Concept

BSFG Boundary Roles

The four-buffer topology as logical roles

Overview

The four-buffer model is the architectural heart of BSFG. It defines four logical boundary roles: ISB, IFB, ESB, and EFB.

These roles are not services or concrete components — they are principles that describe what each part of the boundary does, independent of how it is implemented. A BSFG node may implement one or more of these roles using any conforming zone-local durability substrate.

Role Definitions

Each boundary role has a specific responsibility in the ingress-to-egress path. The table below maps each role to its direction, responsibility, and durability characteristics:

Role Direction Responsibility Durability Type
ISB
(Ingress Store) Inbound: External Zone Non-blocking durable write at external perimeter Write-Ahead Log (fsync or replication)
IFB
(Ingress Forward) Inbound: Internal Zone Idempotent deduplication via putIfAbsent Durable forward buffer (conditional insert)
ESB
(Egress Store) Outbound: Internal Zone Non-blocking durable write at internal perimeter Write-Ahead Log (fsync or replication)
EFB
(Egress Forward) Outbound: External Zone Idempotent deduplication via putIfAbsent Durable forward buffer (conditional insert)

Ingress vs Egress Flows

The boundary operates in two directions. Here is a simplified flow showing how the four roles work together:

flowchart TD
  subgraph IN["INGRESS FLOW (Inbound to Internal Zone)"]
    EZ1["External Zone"] --> ISB["ISB (store)"]
    ISB --> H1["Handoff (async replay)"]
    H1 --> IFB["IFB (forward)"]
    IFB --> IZ1["Internal Zone"]
  end

  subgraph OUT["EGRESS FLOW (Outbound to External Zone)"]
    IZ2["Internal Zone"] --> ESB["ESB (store)"]
    ESB --> H2["Handoff (async replay)"]
    H2 --> EFB["EFB (forward)"]
    EFB --> EZ2["External Zone"]
  end

  G["Gate controls flow"]
  ISB -.-> G -.-> IFB
  ESB -.-> G -.-> EFB

Three-Layer Ontology

To avoid confusion between roles and implementations, BSFG distinguishes three layers:

  • Principle Layer: ISB, IFB, ESB, EFB are logical boundary roles. They describe the what — what each part of the boundary must do.
  • Logical System Layer: A BSFG node orchestrates these roles via the RPC contract (AppendFact, FetchFacts, ConfirmReceipt, PutObject) and implements the replay handoff protocol, cursor advancement, and confirmation semantics.
  • Substrate Layer: Zone-local durability is provided by any conforming durable store and transport adapter. The substrate implements the roles but is decoupled from the topology principles.

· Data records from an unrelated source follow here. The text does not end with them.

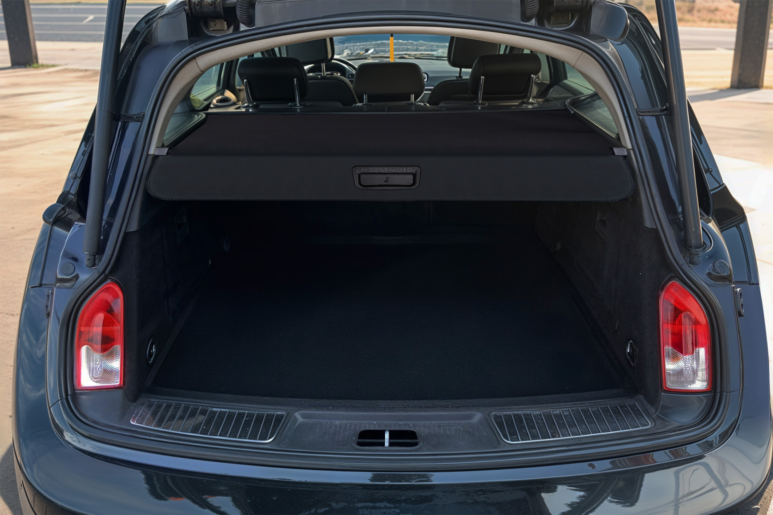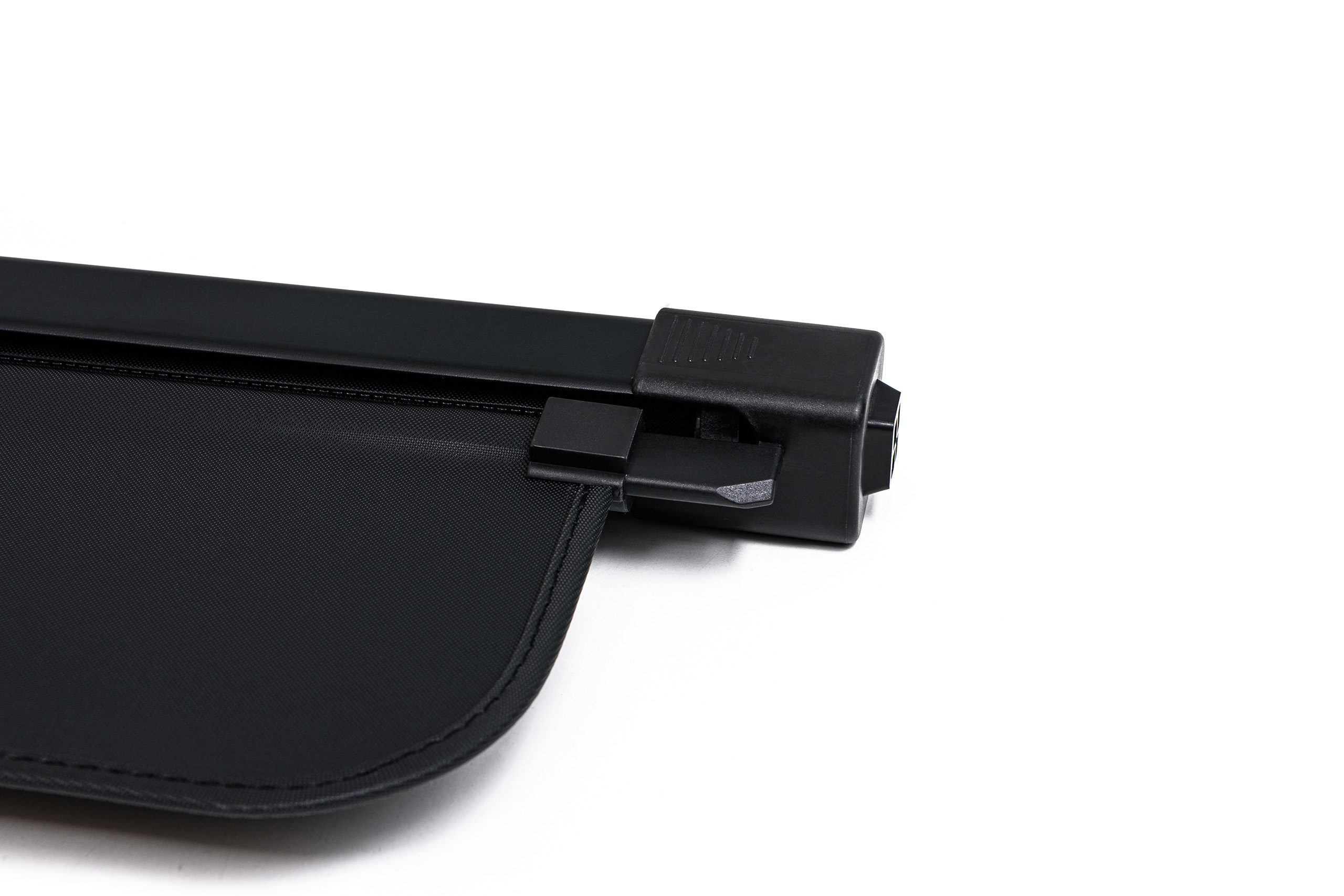 Elegancki czarny kolor oraz estetyka wykonania sprawiają, że roleta doskonale współgra ze stylem samochodu. Poszycie zasłony wykonane zostało z materiału odpornego na uszkodzenia oraz odbarwienia spowodowane nasłonecznieniem i zmianami temperatur, dzięki czemu produkt doskonale prezentuje się przez długi czas. Solidna kaseta oraz aluminiowa płyta zapewniają trwałość konstrukcji i wygodę użytkowania rolety. Kaseta zaprojektowana została w taki sposób, aby umożliwić stabilne zamocowanie w oryginalnych, fabrycznych miejscach montażowych za tylnymi fotelami.
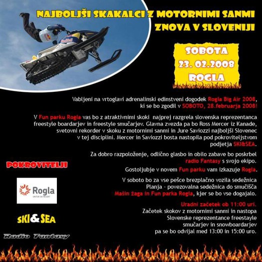 Uradni začetek ob 11:00 uri. Začetek skokov z motornimi sanmi in nastopa Sloveske reprezentance freestyle smučarjev in snowboardarjev pa se bo odvijal med 13:00 in 15:00 uro.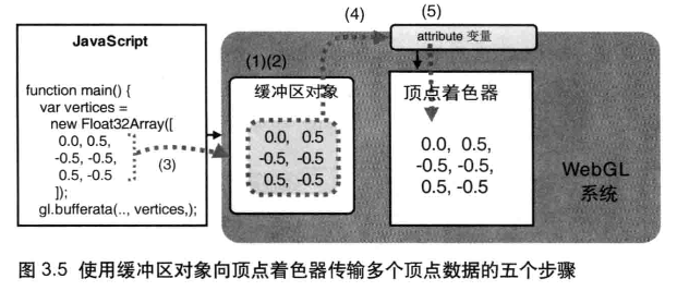 使用缓冲区对象向顶点着色器传入多个顶点的数据,需要遵循以下 5 个步骤: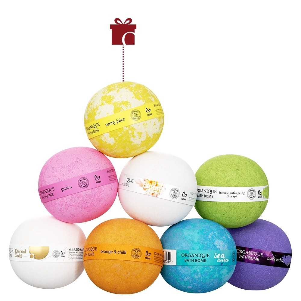 Uwielbiasz nasze kule do kąpieli? A może zamawiasz pierwszy raz i nie wiesz, którą zamówić? Teraz nie musisz wybierać – kup wszystkie rodzaje kultowych kul do kąpieli Organique, a jedną z nich otrzymasz GRATIS! W zestawie zawarliśmy łącznie aż 8 kul do kąpieli Organique.

For one reference implementation of these roles, see NATS/JetStream Reference.

Key Invariants

The four-buffer topology enforces several architectural invariants:

  • Zone-Local Durability: Each zone owns its own ISB/ESB (store buffers) and IFB/EFB (forward buffers). No zone writes directly into another zone's durable log.
  • No Durable Middleware at Boundary: The boundary network carries only connectivity infrastructure (routers, firewalls, TLS terminators). Durable state is zone-owned.
  • Asynchronous Replay Only: Zones communicate via async handoff, never via synchronous RPC. A zone can operate autonomously when the boundary is sealed.
  • Idempotent Append at Forward Buffers: The forward buffers (IFB, EFB) use atomic putIfAbsent to deduplicate. This eliminates the need for background reconciliation workers.
  • Contiguous Frontier: Safe truncation at store buffers depends on contiguous confirmation at forward buffers. Gaps break truncation safety.

Terminology

Gate

A logical circuit breaker. When open (normal operation), synchronous paths work. When closed (network partition), producers and consumers continue via local buffers; the handoff freezes.

Cursor / Frontier

The position in the store buffer up to which facts have been durably confirmed at the forward buffer. Also called highest_contiguous_committed_offset.

Handoff

The asynchronous transfer of facts from store buffer to forward buffer. Driven by cursor advancement and replay.